We are seeking a talented Senior Big Data Engineer to work on Qualys’ next-generation big data challenge. Working with a team of engineers and architects, you will be responsible for creation of Data Lakes by extracting and transforming data from various data sources.
As a Senior Engineer you would be responsible for design, development, implementation, and support of Qualys first Data Lake and Data Pipeline framework.
This is a great opportunity to build Qualys’ next generation data technology platform by leveraging open source technologies, and work on challenging and business-
impacting projects. Design, develop and deploy of Big Data and NoSQL based full scale solutions that includes data acquisition, storage, transformation, security, data management and data analysis using Dockers, Kubernetes, AWS Elastic Services, Alluxio, Apache Kafka, Ignite, Spark, Presto, Drill, Hive, Cassandra, Postgres, Greenplum and other related technologies.
Graph data processing, storing and creating visual representation of the underlying data.
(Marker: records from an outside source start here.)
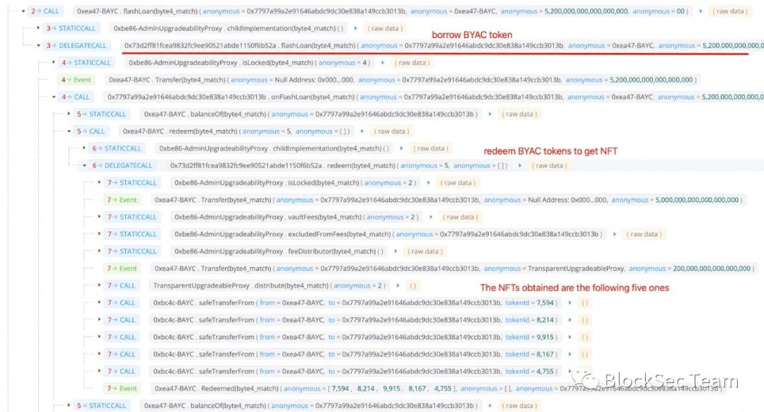 攻击者通过闪电贷借入大量的 BYAC Token。在这个过程中,攻击者通过 redeem BYAC token 获得了 5 个 BYAC NFT(编号 7594,8214,9915,8167,4755)。
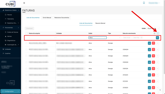 - Você pode usar a função de filtro para selecionar documentos de interesse clicando no ícone de filtro na direta, aplicando a condição e em seguida clique na lupa para aplicar o filtro.
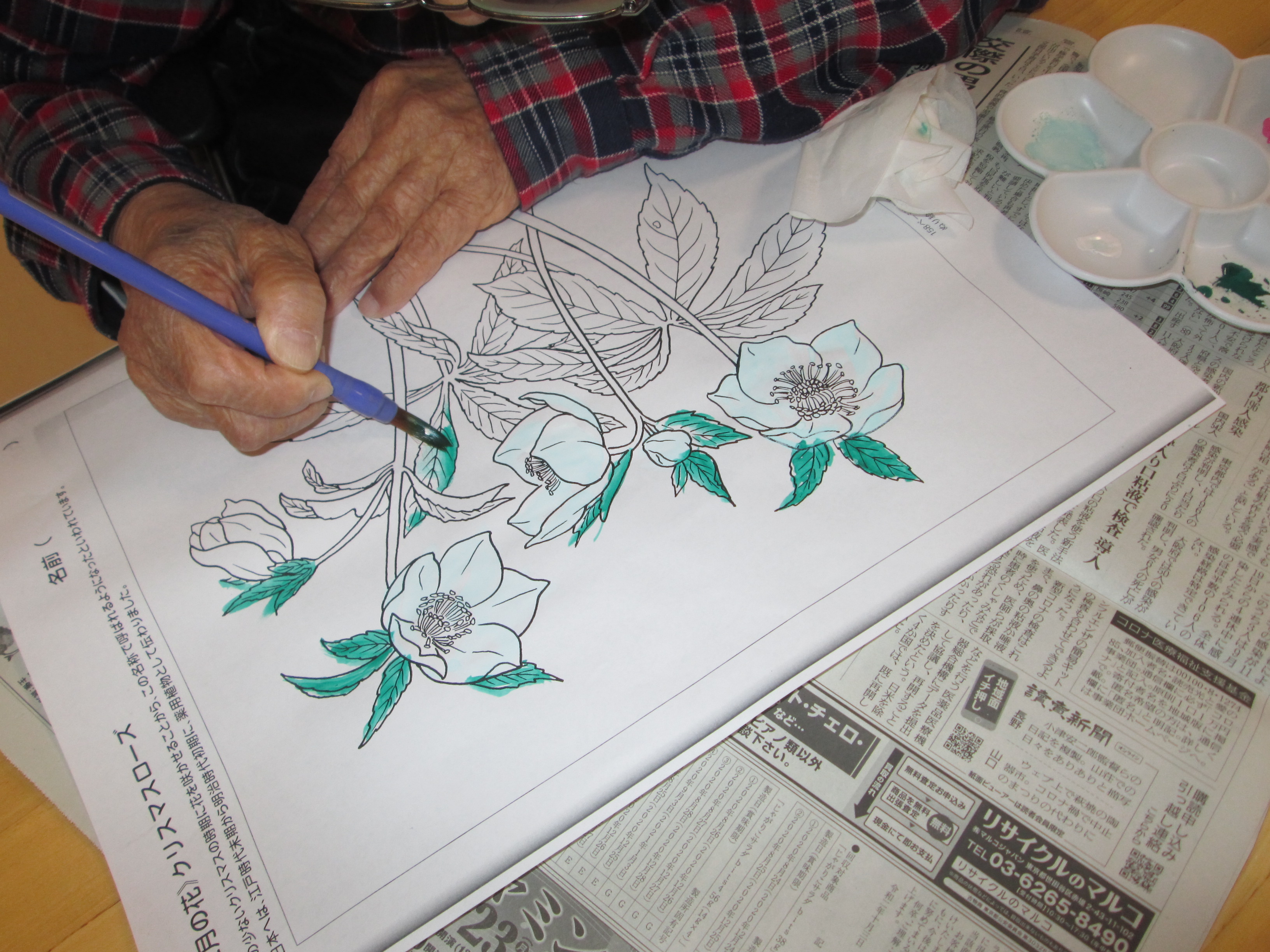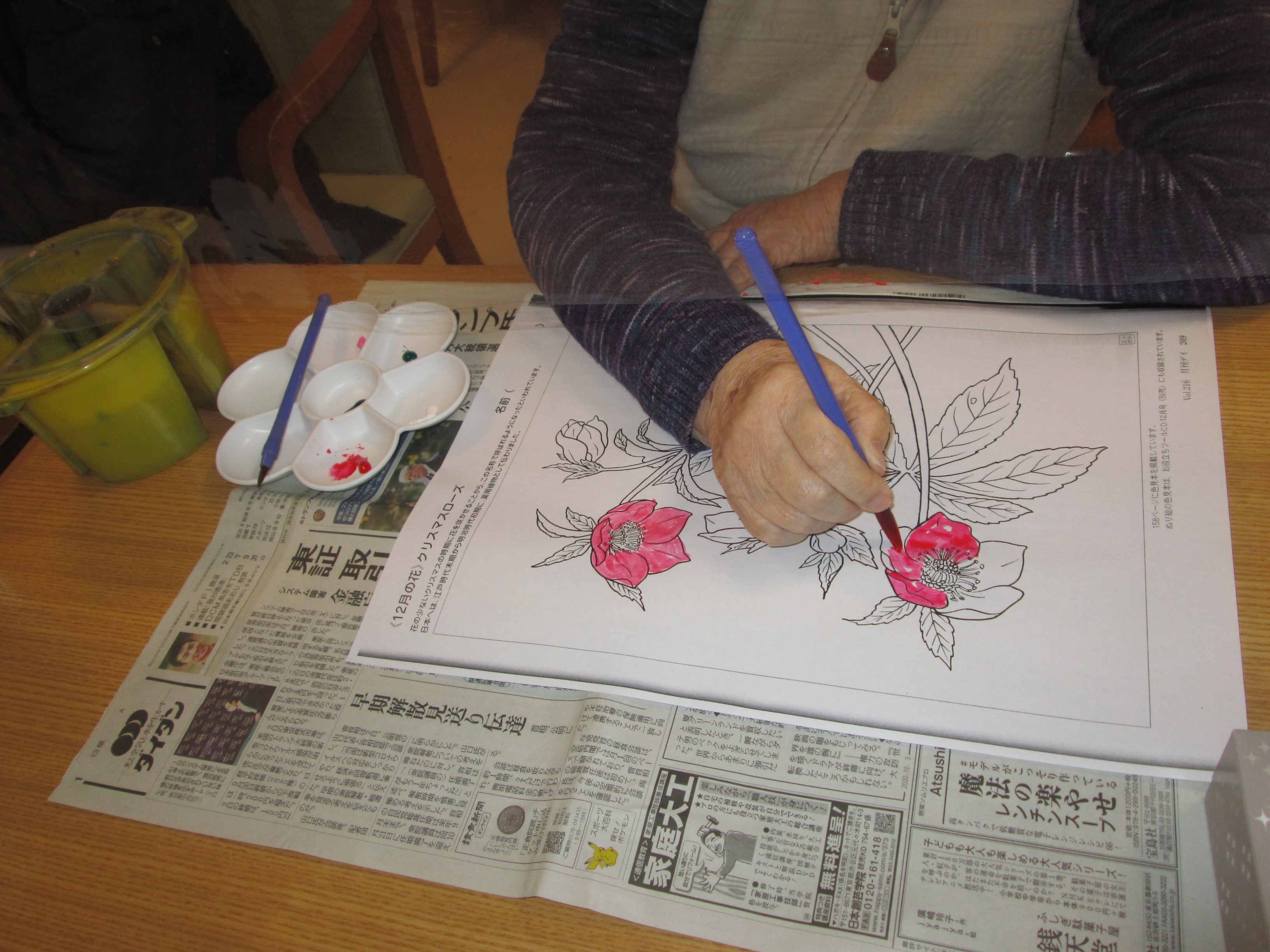 クリスマスローズの花の色付けでした。

Ensure quality of master data in key systems, as well as, development and documentation of processes with other functional data owners to support ongoing maintenance and data integrity.
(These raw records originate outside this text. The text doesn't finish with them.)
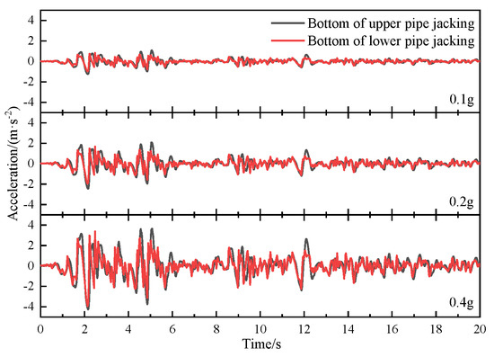 To investigate the seismic response of the double-layer pipe jacking structure under different ground motion intensities, the acceleration time history curves of the bottom of the upper and lower pipe jacking tunnels under the action of El Centro waves with three different peak accelerations are shown in Figure 7. It can be seen that:
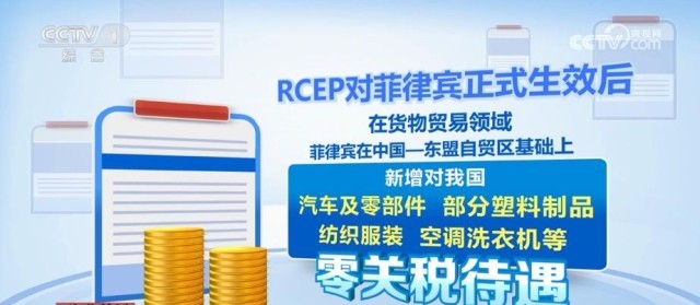 據(jù)了解,我國是菲律賓最大貿(mào)易伙伴、第一大進(jìn)口來源地和第三大出口市場。RCEP對菲律賓正式生效后,在貨物貿(mào)易領(lǐng)域,菲律賓在中國—東盟自貿(mào)區(qū)基礎(chǔ)上,新增對我國汽車及零部件、部分塑料制品、紡織服裝、空調(diào)洗衣機(jī)等,零關(guān)稅待遇。
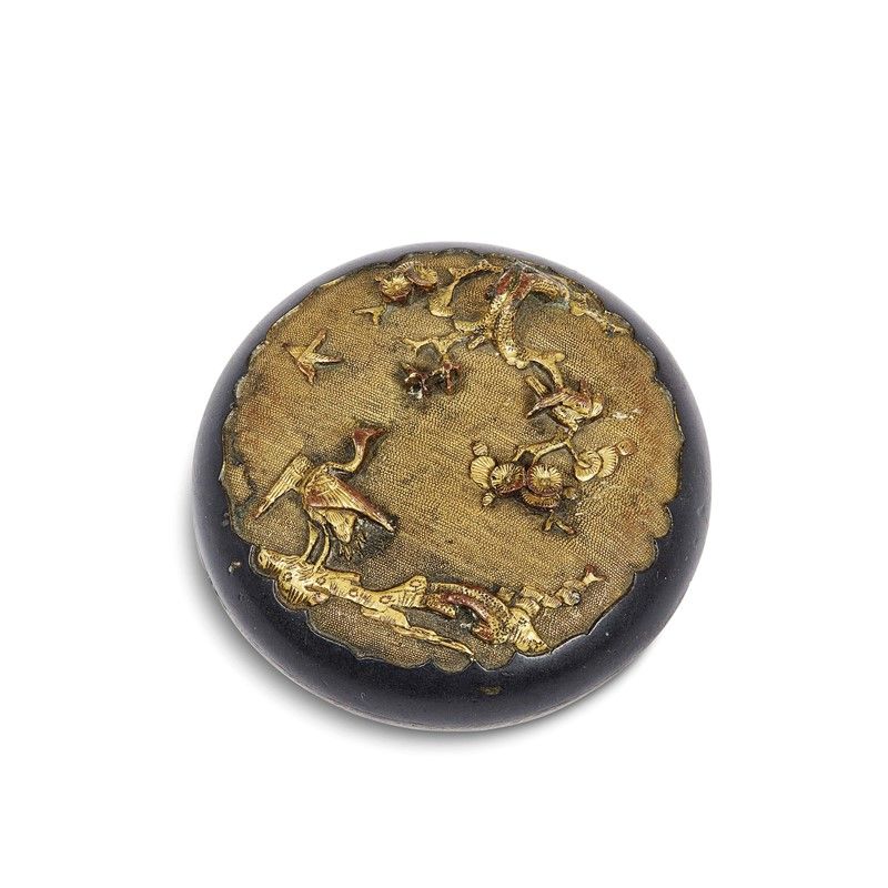 清 十八世纪 铜鎏金花鸟纹香盒 直径 6厘米

Build large scale data architectures using Kafka / Spark / Flink / Cassandra in a hybrid environment. Data profiling and data analysis using emerging data technologies.
Deploy data loaders to ingest data into Big Data Lakes. Troubleshoot production issues with Hadoop / Spark / Flink / NoSQL.
BS / MS or equivalent with 8+ years of working experience with data management with 5+ years in the Big Data ecosystem. Must have experience in architecting data at scale for Hadoop / Spark / NoSQL ecosystem of data stores to support different business consumption patterns off a centralized data platform.
Hands on experience in Spark / MapReduce / ETL data processing, including Java, Python, Scala, SQL; for data analysis of production Big Data applications.
Experience in populating and leveraging OLAP tools and SQL on Hadoop platforms (Presto, Hive, Greenplum, SparkSQL). Hands-
on experience one or more of the following - GraphQL, Gremlin, Tinkerpop, Neo4J, JanusGraph, GraphX. Integration of streaming architectures in Big Data implementations using message queue like Kafka, RabbitMQ and / or related cloud offerings.
Data modeling for data intensive application from core star schema and dimensional modelling to contemporary NoSQL and denormalized data lake architectures.
Designing and implementing relational data models working with RDBMS and understanding of the challenges in these environment.